What you see above is called a segmentation map.

Segmentation can also be performed on other types of data such as video or text.

## Please note
Segmentation is not a solved problem. And we don't expect to achieve state of the art results in this notebook.
Instead in this notebook we'll just set up a CNN that trains, even if just a little, to show you how to hook things up from input to output for learning and inference.

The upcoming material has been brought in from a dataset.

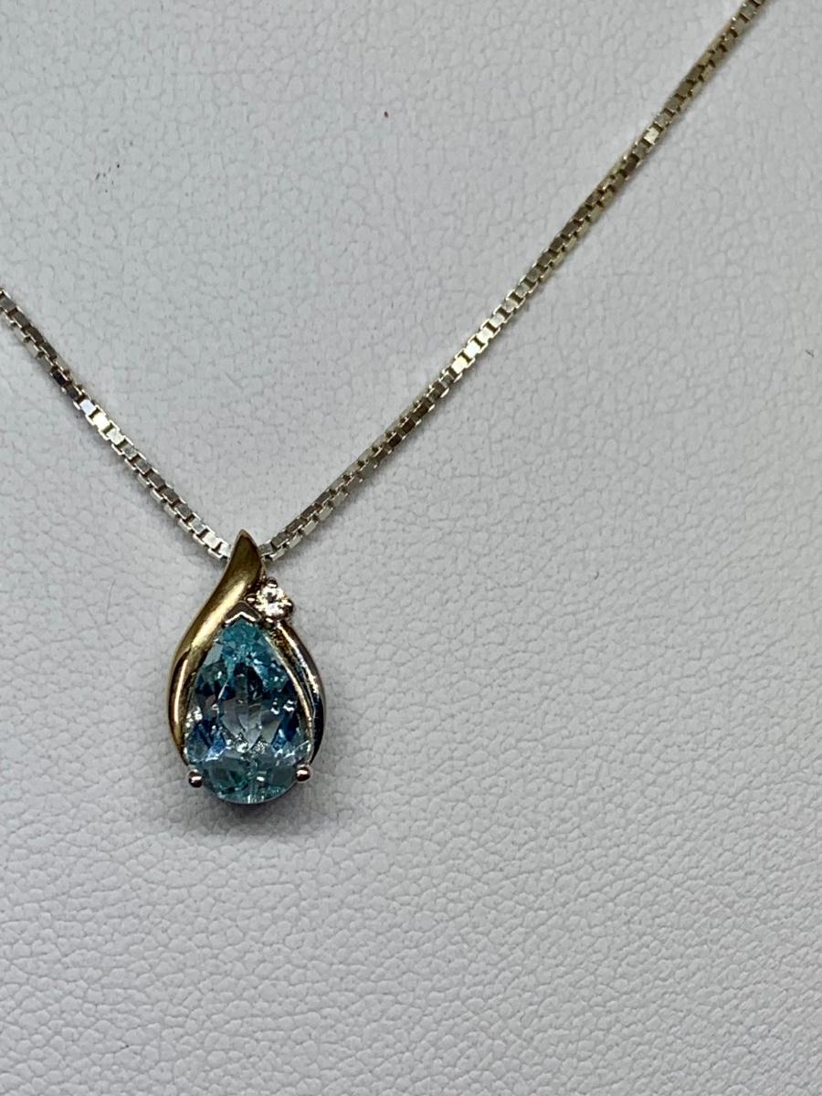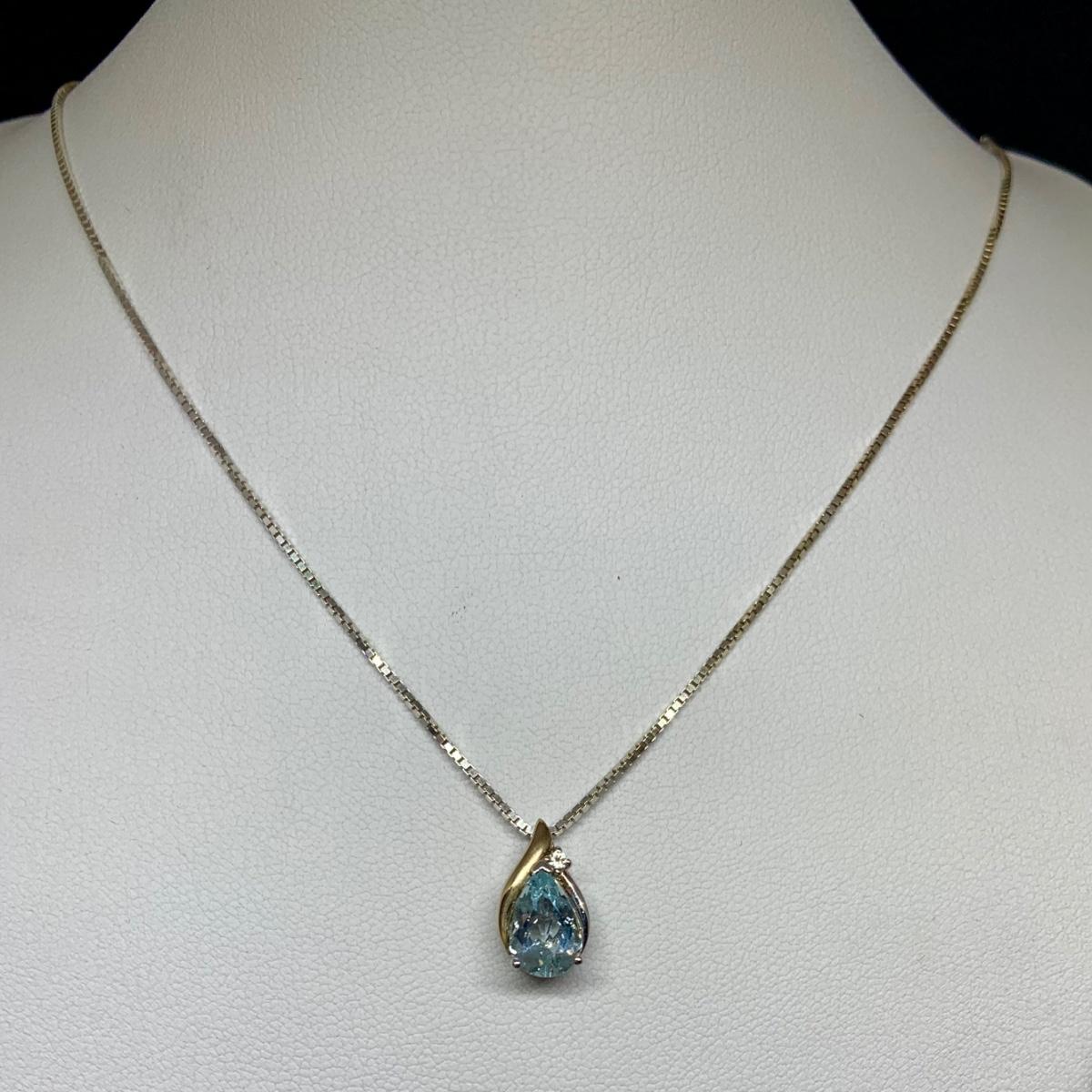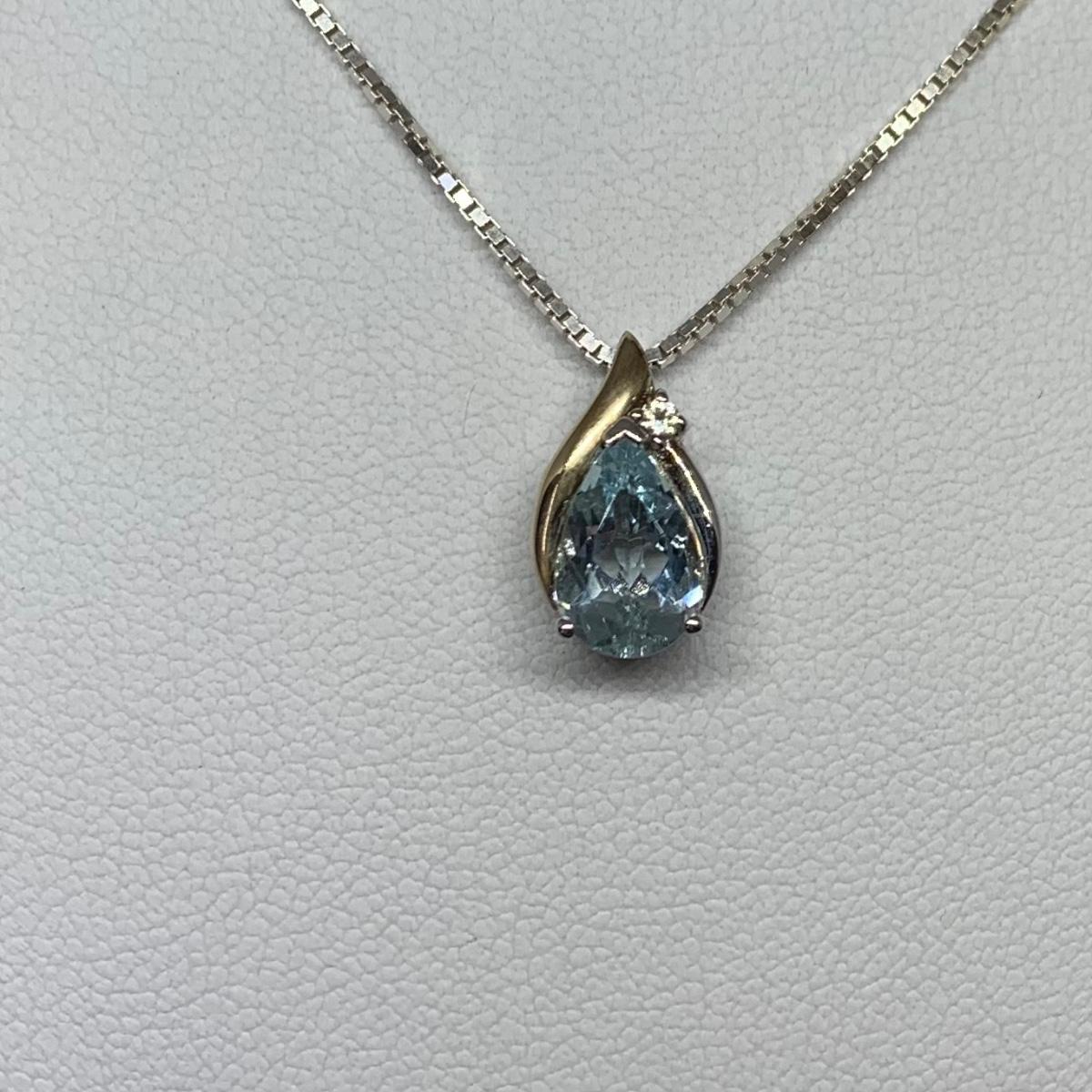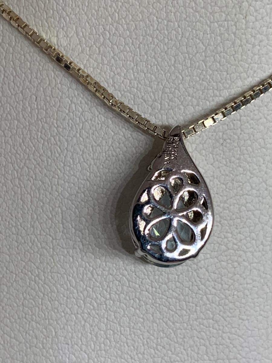 LOT:39: Sterling Silver Box Chain (925 Italy 20" L ) w/ Pear Shaped Aquamarine Pendant- 10K White Gold Overlay on Pendant for Shine

## Different types of segmentation

**Instance segmentation** is the task of distinguishing different instances of the same class type, as well as between other classes.

**Semantic segmentation** is the task of distinguishing between only different classes.

![](images/semantic_vs_instance.png)

## What does a segmentation dataset look like?

Let's read in a segmentation dataset called the PASCAL VOC segmentation dataset and look an example.

You can download the dataset from [here](https://github.com/life-efficient/VOC).

In [2]:
from VOCDataset import VOC
import matplotlib.pyplot as plt

pascal = VOC(root='/Users/ice/ai-core/VOC2007') # set the root to where the VOC dataset is stored on your machine

img, maps = pascal[3]
img.show()
print(type(img))
print(img)
print(img.size)
print()
print(type(maps))
print(maps)
print(maps.shape)

<class 'PIL.JpegImagePlugin.JpegImageFile'>
<PIL.JpegImagePlugin.JpegImageFile image mode=RGB size=375x500 at 0x7F80E95A3340>
(375, 500)

<class 'torch.Tensor'>
tensor([[[0., 0., 0.,  ..., 0., 0., 0.],
         [0., 0., 0.,  ..., 0., 0., 0.],
         [0., 0., 0.,  ..., 0., 0., 0.],
         ...,
         [0., 0., 0.,  ..., 0., 0., 0.],
         [0., 0., 0.,  ..., 0., 0., 0.],
         [0., 0., 0.,  ..., 0., 0., 0.]]])
torch.Size([1, 500, 375])


We can see that the input is the usual image that we're used to. 
But what about the label?

It's a tensor, the same size as the input image, which contains integer values. 
Those integer values are the index of the class which the pixel in the corresponding location belongs.


## What should our output prediction look like?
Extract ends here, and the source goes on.